To be honest I don't even understand what your talking about so I guess I'm not to worried about time domain issues?.

_A flattened FR is still a big improvement over no treatment at all to an audio system._
All I'm really after is an adjustable crossover and EQ to boost the bottom end on a sealed sub and mayby use it with REW if I can figure out how.

Cheers...


----------



## SAC

fusseli said:


> A flattened FR is still a big improvement over no treatment at all to an audio system.


I wish that was a valid generalization.

Unfortunately, the 'flatness' of the frequency response is of very little consequence except as a direct source.

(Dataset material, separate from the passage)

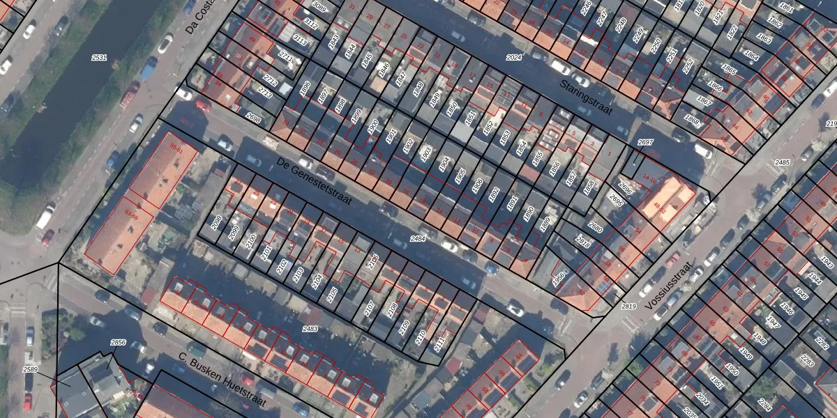 Het perceel waarop De Genestetstraat 16 staat heeft een oppervlakte van 94 m². Dit is een klein perceel. De perceeloppervlakte wordt geregistreerd door het Kadaster. Gedetailleerde informatie over de maten van dit perceel kunt u vinden in het rapport Kadastrale kaart met maatvoering van De Genestetstraat 16.

Equally unfortunate is the fact that EQ is effective at best only at very low frequencies where the interacting signals are effectively within 1 cycle difference.

EQ does NOT correct for non-minimum phase errors resulting from the interaction (superposition) of direct and indirect signals within the room.

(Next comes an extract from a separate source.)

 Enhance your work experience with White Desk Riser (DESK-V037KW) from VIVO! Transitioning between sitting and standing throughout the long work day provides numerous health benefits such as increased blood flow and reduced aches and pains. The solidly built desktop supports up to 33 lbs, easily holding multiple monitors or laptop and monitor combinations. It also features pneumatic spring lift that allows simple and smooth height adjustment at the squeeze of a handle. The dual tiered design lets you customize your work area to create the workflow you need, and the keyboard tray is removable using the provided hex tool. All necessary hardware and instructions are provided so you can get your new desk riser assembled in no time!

There is good reason why the use of EQ is NOT sufficient to correct speaker-room interaction issues! (And one would be smart to investigate the reason why adjusting a frequency response with EQ can make the FR look flatter, while substantially exacerbating anomalous behavior in the system!!! If this is not understood, more research is advisable!)

My point was to direct one to a larger awareness of the behavior of sound within a bounded space viewed from the causal time domain perspective rather than from a derivative frequency domain perspective. With an awareness of this perspective, coupled with the tools programs such as REW afford one to view such behavior, and the additional tools we now have at our disposal with which to treat such issues, you will discover a much more effective arsenal of techniques and tools to more adequately affect the quality of sound in the room.

I am not here to debate this. It is an established fact (which was debated and reflectively settled in the mid-late '80s in professional and academic circles) that many may not yet be fully aware. Thus my purpose being to simply point this out and hopefully encourage more productive research.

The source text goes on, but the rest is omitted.